UNITED STATES
SECURITIES AND EXCHANGE COMMISSION
WASHINGTON, D.C. 20549
FORM 8-K
CURRENT REPORT
Pursuant to Section 13 or 15(d) of
the Securities Exchange Act of 1934
Date of Report (Date of Earliest Event Reported): February 20, 2017
DASAN ZHONE SOLUTIONS, INC.
(Exact Name of Registrant as Specified in its Charter)
 
 
 
 
 
Delaware
 
000-32743
 
22-3509099
(State or Other Jurisdiction
of Incorporation)
 
(Commission
File No.)
 
(I.R.S. Employer
Identification No.)
7195 Oakport Street
Oakland, California 94621
(Address of Principal Executive Offices, Including Zip Code)
(510) 777-7000
(Registrant’s Telephone Number, Including Area Code)
Check the appropriate box below if the Form 8-K filing is intended to simultaneously satisfy the filing obligation of the registrant under any of the following provisions:
¨
Written communications pursuant to Rule 425 under the Securities Act (17 CFR 230.425)

¨
Soliciting material pursuant to Rule 14a-12 under the Exchange Act (17 CFR 240.14a-12)

¨
Pre-commencement communications pursuant to Rule 14d-2(b) under the Exchange Act (17 CFR 240.14d-2(b))

¨
Pre-commencement communications pursuant to Rule 13e-4(c) under the Exchange Act (17 CFR 240.13e-4(c))




Item 4.02(a)
Non-Reliance on Previously Issued Financial Statements or a Related Audit Report or Completed Interim Review.
As previously reported, on September 9, 2016, DASAN Zhone Solutions, Inc. (the “Company”) acquired Dasan Network Solutions, Inc. (“DNS”) through the merger of a wholly owned subsidiary of the Company with and into DNS, with DNS surviving as a wholly owned subsidiary of the Company (the “Merger”). The Merger has been accounted for as a reverse acquisition under which DNS was considered the accounting acquirer of the Company.
On February 20, 2017, the Audit Committee of the Board of Directors of the Company concluded, in consultation with management and after informing the Company’s independent registered public accountants, that there are material errors in the accounting for the Merger, including its impact on the Company’s statement of cash flows and earnings per share (“EPS”), and that, as a result, the Company’s unaudited condensed consolidated financial statements contained in its Quarterly Report on Form 10-Q for the quarter ended September 30, 2016 (the “Form 10-Q”), which was filed with the Securities and Exchange Commission (the “SEC”) on November 14, 2016, should no longer be relied upon and require restatement.

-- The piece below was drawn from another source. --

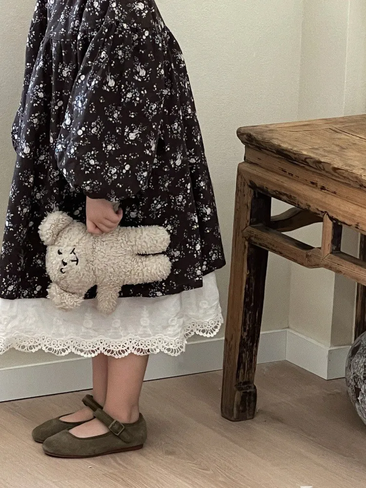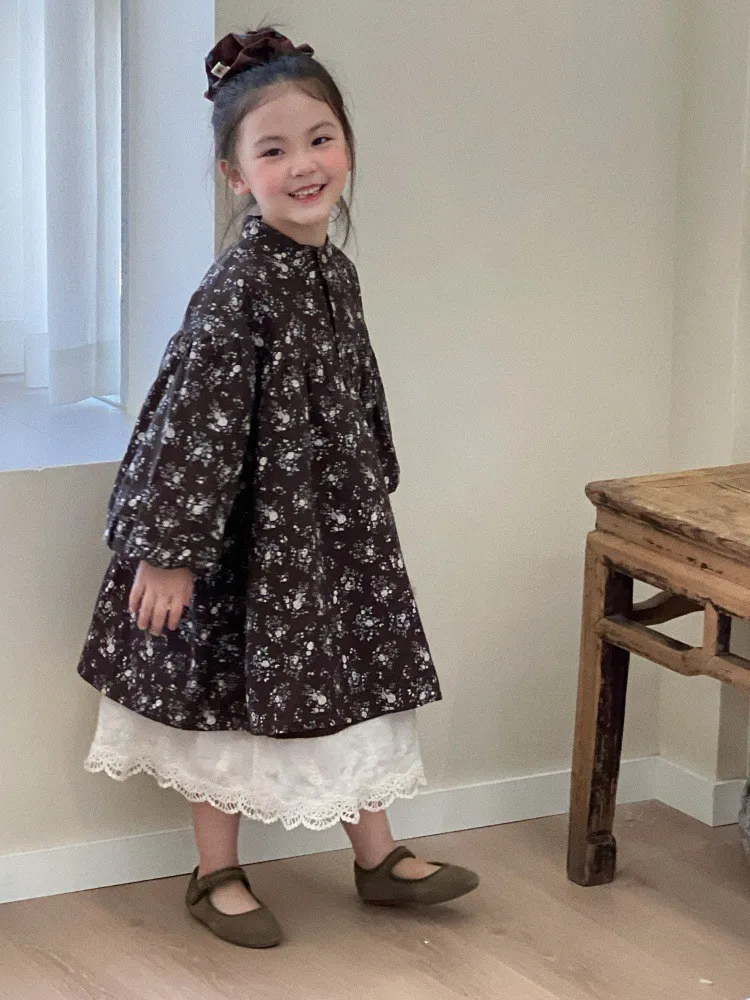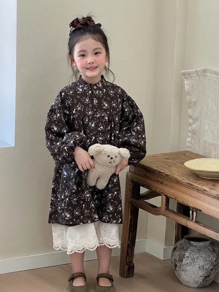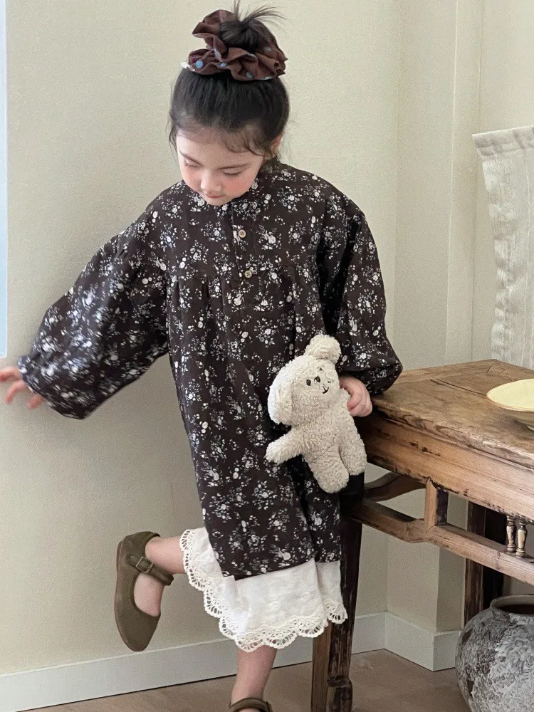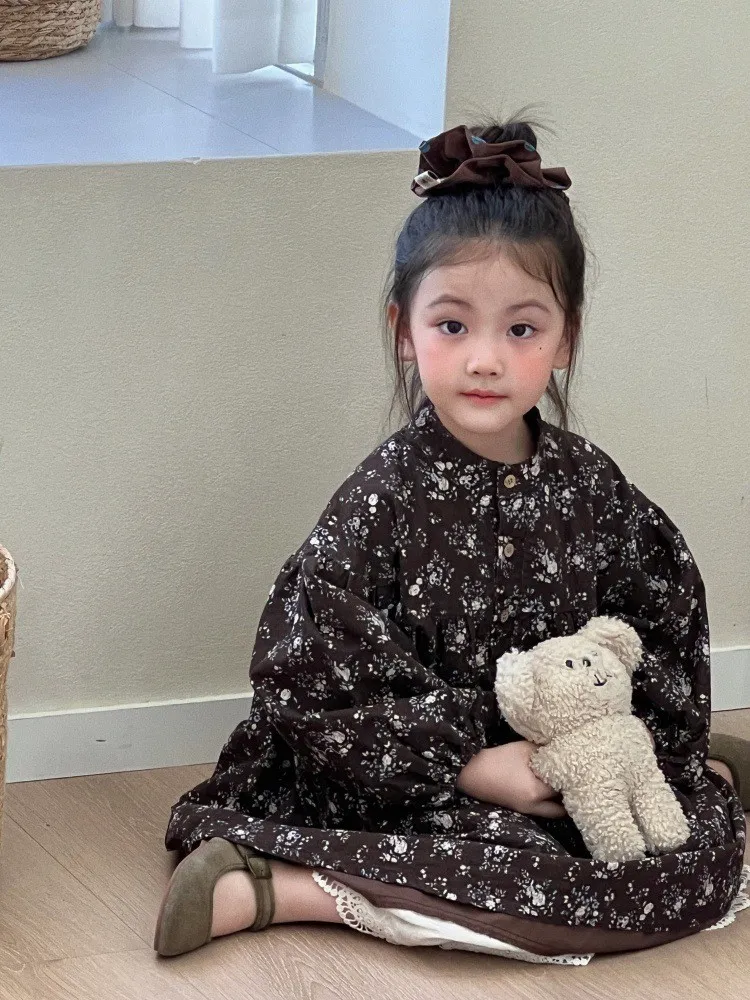 [90-140碼]氣質小碎花泡泡袖連身裙

In addition, certain disclosures included in the unaudited condensed consolidated financial statements previously filed will also be restated.  These mainly include the disclosure relating to purchase price allocation (including the unaudited condensed combined financial information), commitments and contingencies, and related party disclosures (including identifying related party transactions on the face of the unaudited condensed consolidated Balance Sheets). The Company expects to restate the unaudited condensed consolidated financial statements for the quarter ended September 30, 2016 in an amendment to the Form 10-Q as soon as practicable.
Summarized below are the likely material changes resulting from the restatement that will be reflected in the amendment to the Form 10-Q. All adjustments described herein are preliminary and subject to revision due to the ongoing review and assessment of these matters by the Company.
Decrease in intangibles as of September 30, 2016, by approximately $8.9 million, from $22.6 million to $13.7 million.
Decrease in total assets as of September 30, 2016, by approximately $6.4 million, from $160.3 million to $153.9 million.
Decrease in total liabilities as of September 30, 2016, by approximately $6.1 million, from $82.3 million to $76.2 million.
Decrease in net revenue for the three and nine month period ended September 30, 2016, by approximately $0.6 million, from $32.2 million to $31.6 million.
Change in basic and diluted earnings net loss per share from ($0.06) to ($0.09) for the three month period ended September 30, 2016, and from ($0.10) to ($0.17) for the nine month period ended September 30, 2016.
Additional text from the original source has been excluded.